THE DATA:
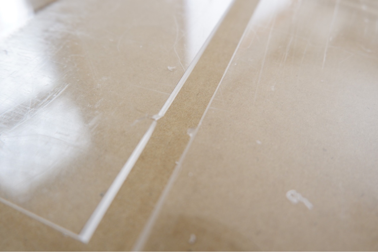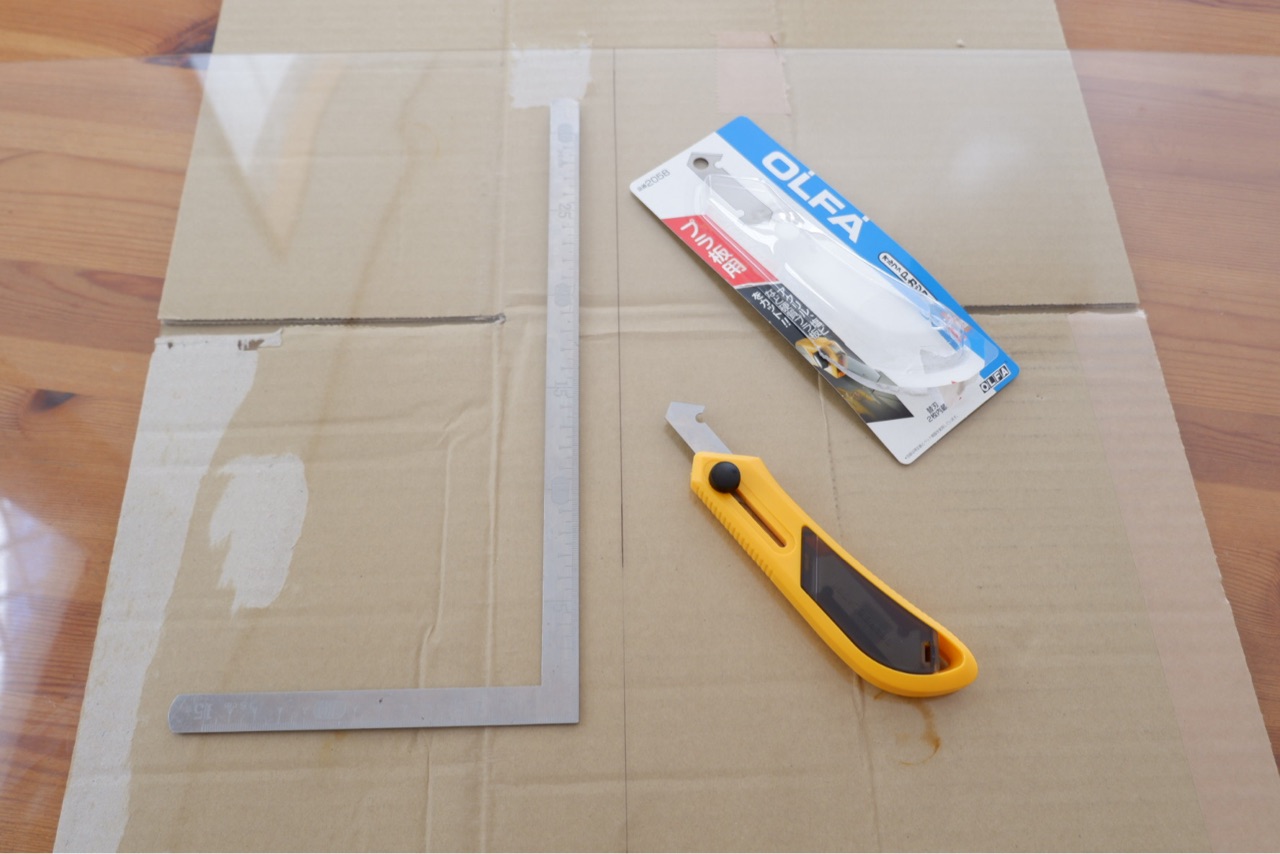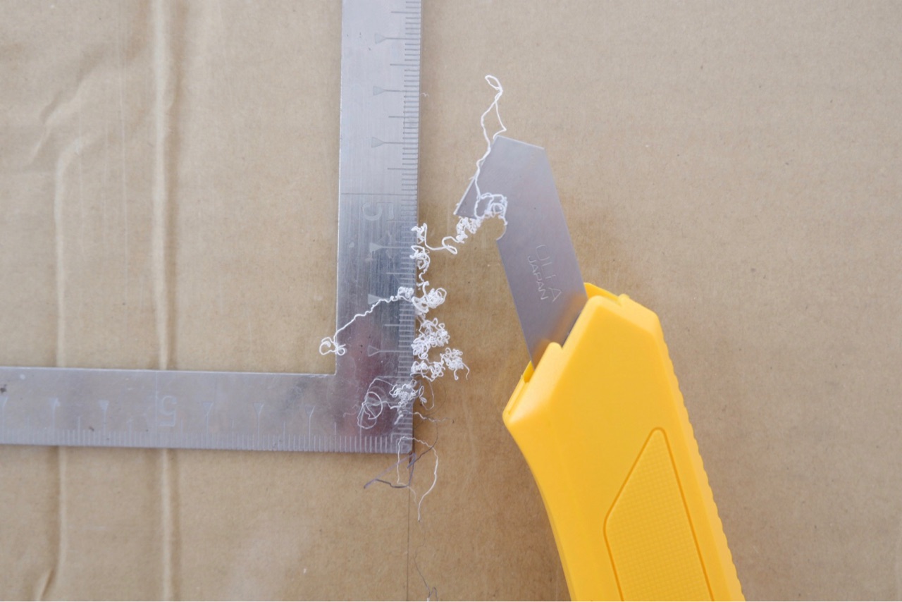 段ボールの上で、プラ板用カッターでアクリル板をカットします♪
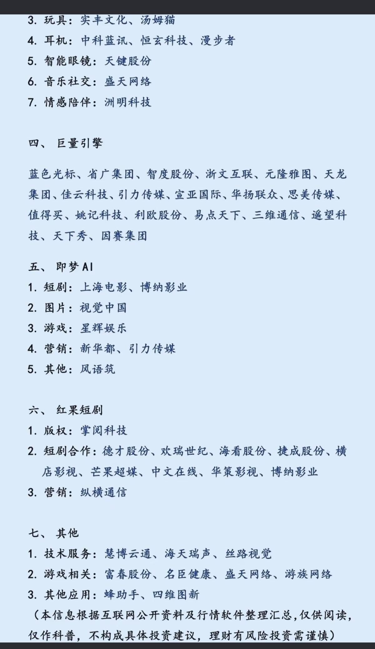字节跳动:相关概念股梳理! 1.字节跳动算力 2.火山引擎云服务 3.豆包大模型 4.巨量引擎 5.即梦AI 6.红果短剧 相关核心龙头关联股:
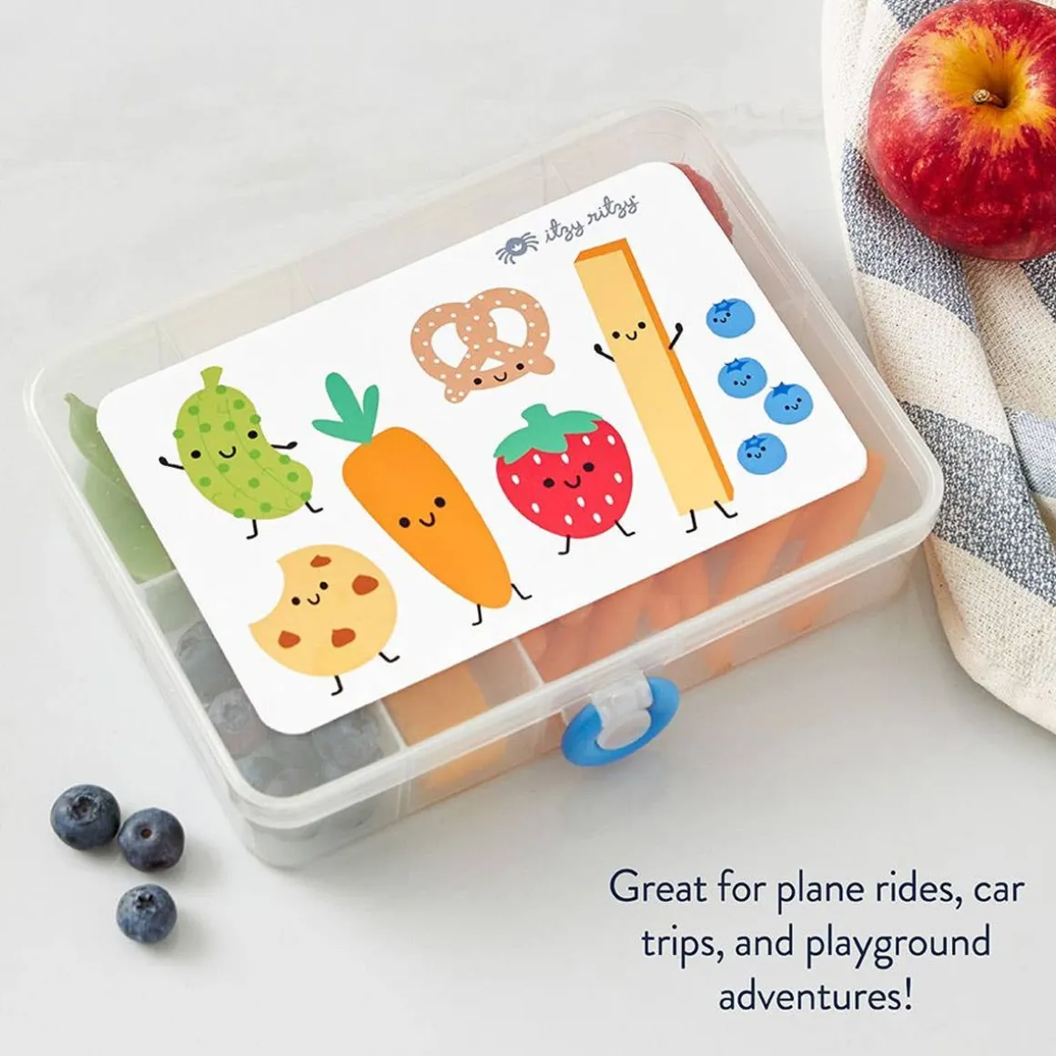 Nibble and Nosh. With six compartments, the snap-tight Itzy Snacks™ divided box separates sweet from salty and soft from crunchy for happy, independent eating. Great for plane rides, car trips, and playground adventures.

TRY IT:
Set down the full listing above with its wording unchanged. Leave out its images.

RESULT OF THE TASK:
 段ボールの上で、プラ板用カッターでアクリル板をカットします♪
字节跳动:相关概念股梳理! 1.字节跳动算力 2.火山引擎云服务 3.豆包大模型 4.巨量引擎 5.即梦AI 6.红果短剧 相关核心龙头关联股:
 Nibble and Nosh. With six compartments, the snap-tight Itzy Snacks™ divided box separates sweet from salty and soft from crunchy for happy, independent eating. Great for plane rides, car trips, and playground adventures.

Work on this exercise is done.